Residents of placer county are blessed with a resource that is unparalleled in beauty and ruggedness and rich in history. The misty-blue canyons of the North Fork of the American River, geologically shaped by uplifting plates and the cutting forces of water, hold secrets and long-forgotten tales that remain unrecorded — tales of original people, hordes of miners in search of the golden Holy Grail, entrepreneurs, ne’er-do-wells, failures, ladies of the night — all this amid grandeur and beauty that both stuns the senses and bestows inner peace. The canyon can be viewed from afar from an aircraft, on Google Earth, or from the road that edges its way from precipitous cliff to deep valley. Or it can be experienced by walking trails, mostly steep and long, but with a few easier grades, deep into remote areas.

Among the crown jewels of this magnificent canyon are the ancient rivers, streams, and creeks that drain the vast area lying on the north side of the Foresthill Divide, which separates the North and Middle Forks. What follows is a brief description of some of these dark, turbulent watercourses, from their headwaters in high-altitude wilderness lands on down through the canyons of the upper river; how to gain access to them; and the fisheries that they support. I have previously written in this magazine about fishing along the lower portion of the river when the snow flies higher in the Sierra (“Winter Fishing on the North Fork of the American” California Fly Fisher, January/February 2010). I will now describe some of the high-country wilderness trout angling that is available in the summer to those willing to hike the canyon’s trails.

The North Fork American River Watershed

The North Fork rises in a vast expanse of wild, forested lands lying due north of the Granite Chief Wilderness Area and south of the Sugar Bowl ski resort. From there, it falls precipitously into the deep crevasse that is its home, north of the great Foresthill Divide. In this high, remote upper area, the river is formed by a number of small creeks, including Chief Creek, Cedar Creek, Onion Creek, Serena Creek, Wabena Creek, Long Valley Creek, and Palisades Creek.

Below these higher creeks, the river flows from Heath Springs into the Royal Gorge, where it cascades amid cliffs, tumbling in delightful cataracts, falls, riffles, and runs. From there, it continues to be fed from the south by Wildcat, Sailor Canyon, and New York Canyon Creeks and from the north by Big and Little Granite Creek, Big Valley Creek, and others. Downstream, the river is joined from the north by the North Fork of the North Fork and from the south by Humbug Creek, Indian Creek, and Shirttail Creek. The lower portion of the North Fork passes through Giant Gap and its mystical vistas, including Lover’s Leap, past the bridge crossings at Iowa Hill, Yankee Jims, and Ponderosa, and flows into Clementine Lake, a run-of-the-river hydroelectric facility. The river then cascades over the Clementine dam downstream for a short distance, where it meets up with the Middle Fork of the American River at the popular Confluence area. From there, the conjoined rivers, now just called the North Fork, pass under No Hands Bridge, past China Bar, and into Folsom Lake.
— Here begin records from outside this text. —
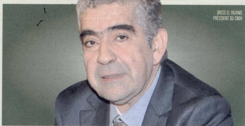
DRISS EL YAZAMI PRÉSIDENT DU CNDH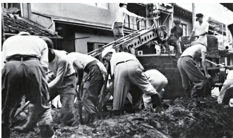
▲伊勢湾台風後、新町の泥を撤去する様子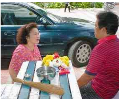
Brahman wijdt een auto

North Fork Status Designations

The North Fork, in recognition of its pristine surroundings and extraordinary beauty and remoteness, is classified under both state and federal law as a Wild and Scenic River. The Wild and Scenic River designation commences at the Iowa Hill Bridge and extends upstream to the Heath Springs area, near a privately held enclave known as The Cedars. Pursuant to these classifications, management plans have been developed to protect the resources and values that led to the designation of the river as Wild and Scenic. The river is entirely free flowing from its source down to Lake Clementine. It is at once a kayaker’s dream, with its many class-rated runs and wildly varied terrain, and a hiking and angling paradise for those with an adventurous spirit and the will to endure strenuous, sometimes risky trails. The river also enjoys Wild Trout status from the Iowa Hill Bridge to its confluence with Palisades Creek under California’s Heritage and Wild Trout Program, managed by the California Department of Fish and Game.
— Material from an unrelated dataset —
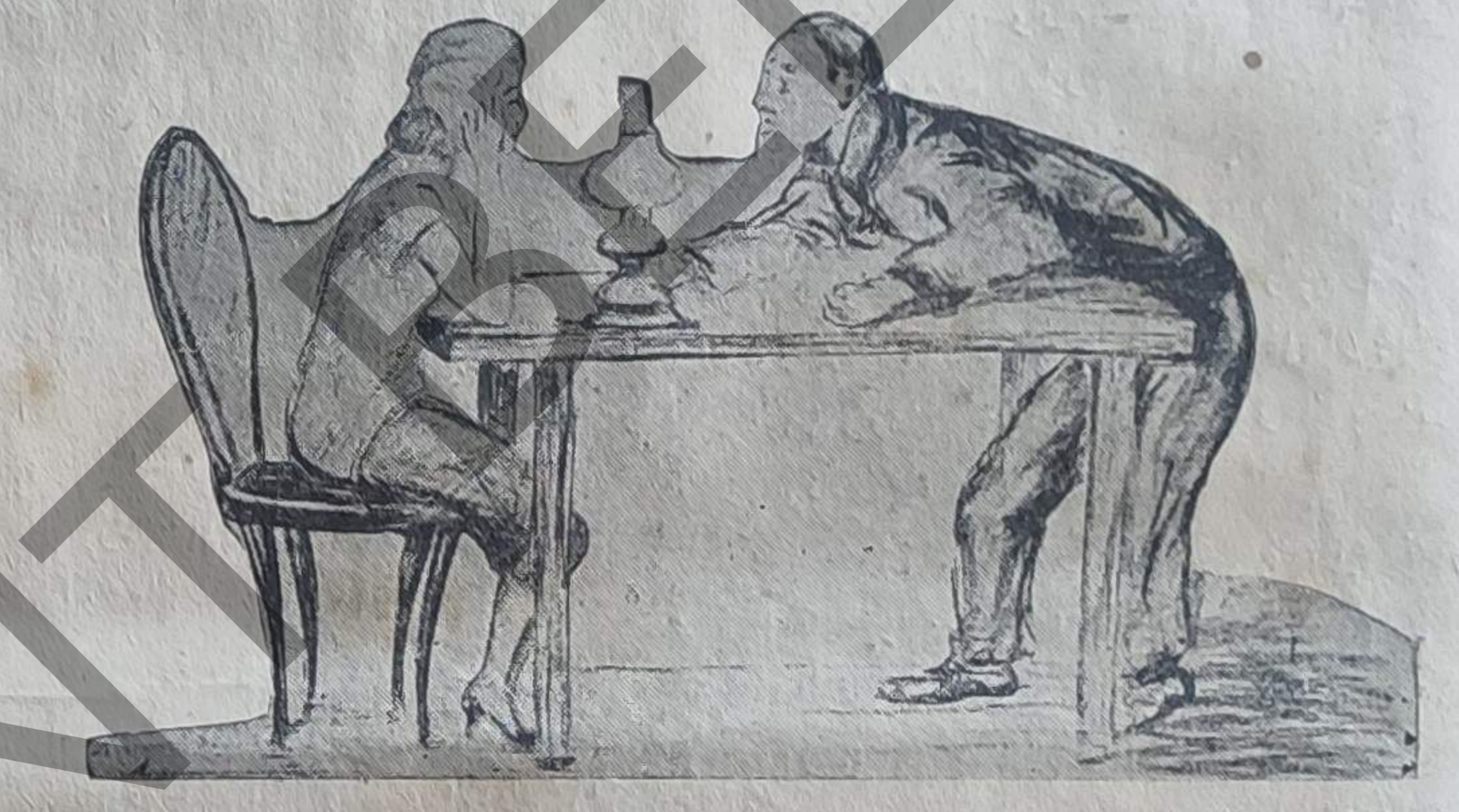
بی ده فصد کیتدم، فقط اسکیره آنجه میخدم واری

مکره، به باقانه... تام آلتی هفته قاریک بوملمککی دوام ایندی. صوکره لری یاواش یاواش خونی ده کیشمکه باشلادی. اوک ایچی بیلکدن کورون اولدی.

These well-deserved designations provide a modicum of legal protection for the resource. Still, there are those who would, if allowed to do so, engage in destructive private and public projects that would adversely affect the North Fork, creating a need for constant vigilance by the numerous nongovernmental groups whose mission is to protect the river, its watershed, its natural history, its flora and fauna and their habitat, and its fisheries. These groups include, among others, Protect American River Canyons, the Friends of the North Fork, the North Fork American River Alliance, the Save the American River Association, and the Foothills Angler Coalition, which includes Trout Unlimited, California Trout, and the Federation of Fly Fishers.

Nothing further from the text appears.